On Thu, Aug 08, 2002 at 06:28:34AM +0900, Marcin 'Qrczak' Kowalczyk wrote:
> Wed, 7 Aug 2002 16:41:18 +0900, Curt Sampson <cjs / cynic.net> pisze:
> 
> > UTF-8 is much less compact than UTF-16 for Asian text.
> 
> Well, not that much: at most 3/2 times larger.
> 
> > And in UTF-16, surrogate pairs are encoded with 4 bytes, whereas
> > they take 6 bytes in UTF-8.
> 
> No, there are no surrogates in UTF-8. Characters above U+FFFF are
> encoded in 4 bytes each. Surrogates exist only in UTF-16.
> 
> Anyway, if variable width is not a problem (and you say it isn't if
> you defend UTF-16), I would almost always choose UTF-8 as the default.
> Yes, up to 3/2 larger for Asian text, but twice more compact for ASCII,
> free of endianness issues, and ASCII-compatible which is very important.

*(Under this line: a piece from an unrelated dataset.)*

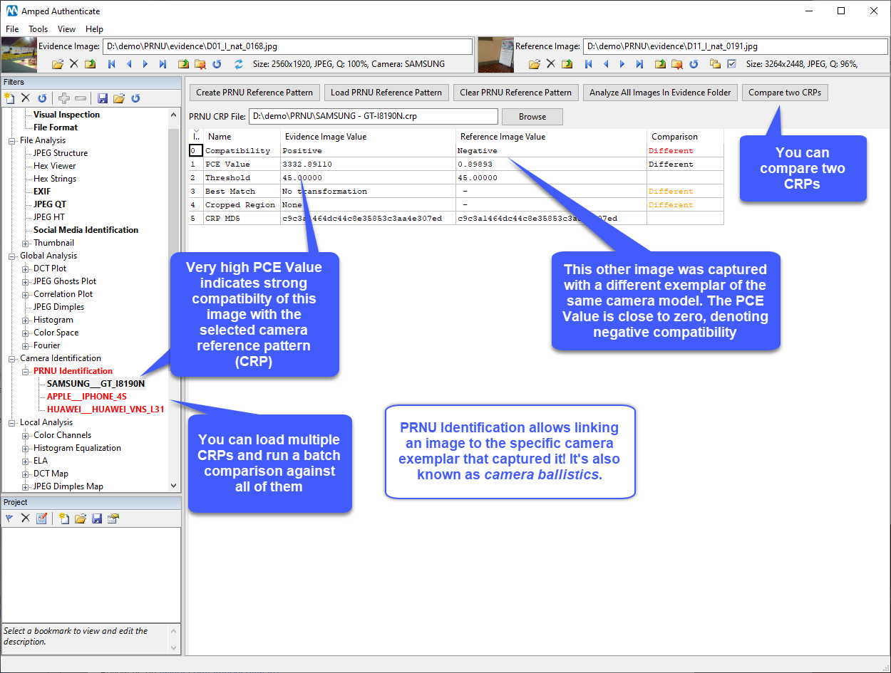 Amped Authenticate empowers law enforcement agencies and forensic lab experts with very effective tools to identify tampering on an image and to verify if a digital photograph has been generated by a specific device. The camera ballistics feature in Amped Authenticate determines that a specific device - and not just the camera make or model – was used to generate a specific photo
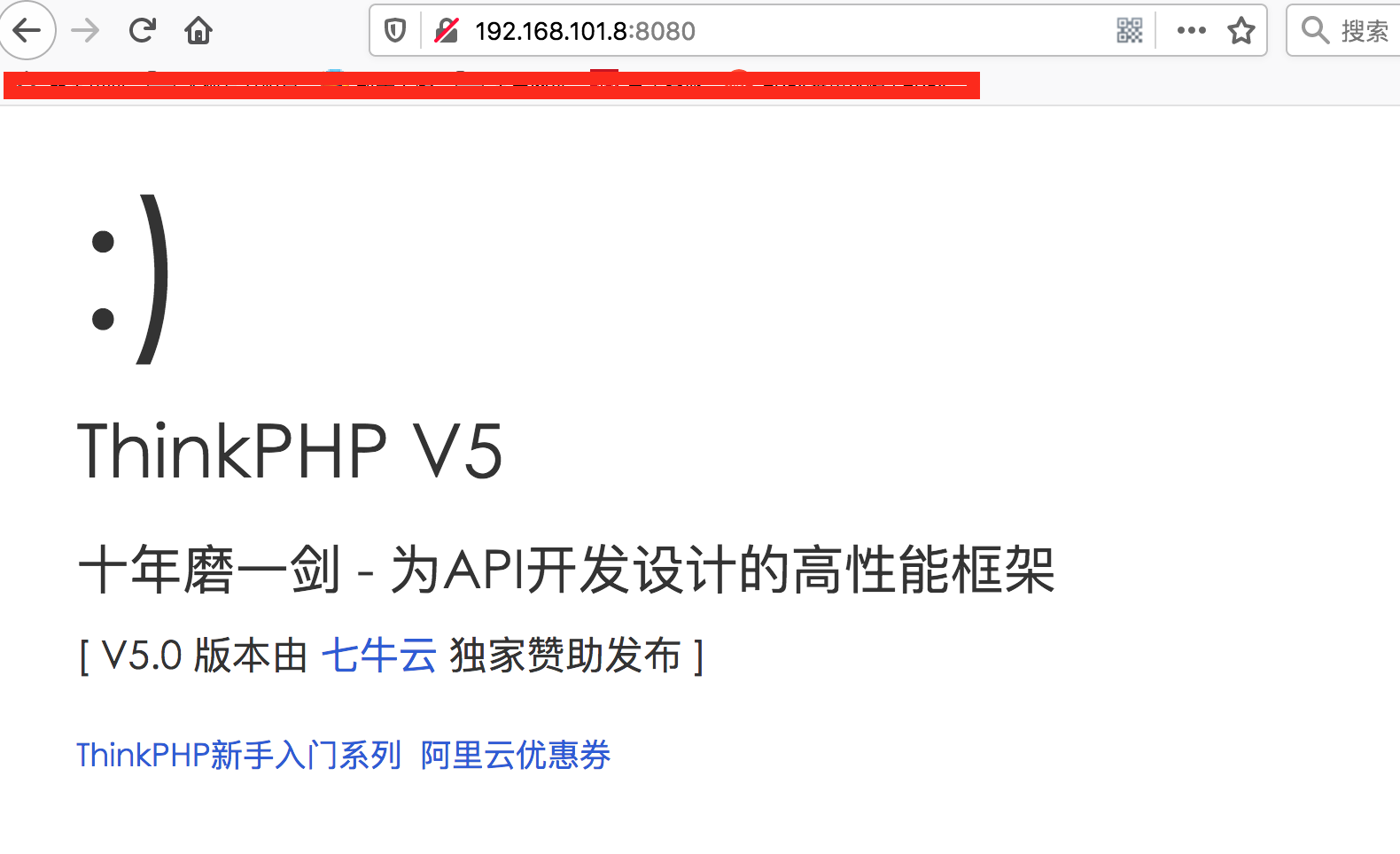 去vulhub上搜了下ThinkPHP,还真有,把docker容器打开看了下,页面一摸一样哈哈:

UTF-8 is 50% larger than UTF-16 only for text which consist only of
Asian characters. Usual Asian document contains both Asian and ASCII
characters. In case of markup, like HTML, ASCII strongly outnumbers
Asian characters.

Example:
http://www.ruby-lang.org/ja/whats.html (jis)  4074
iconved to euc				      3756
iconved to utf-8			      4304
iconved to utf-16			      6418
iconved to utf-32			     12836

If we assume that ASCII take 1 byte in both EUC and UTF8,
and Asian characters take 2 bytes in EUC and 3 in UTF-8,
numbers we get are:

ASCII       2660
Asian	    548
Proportion: 4.85 : 1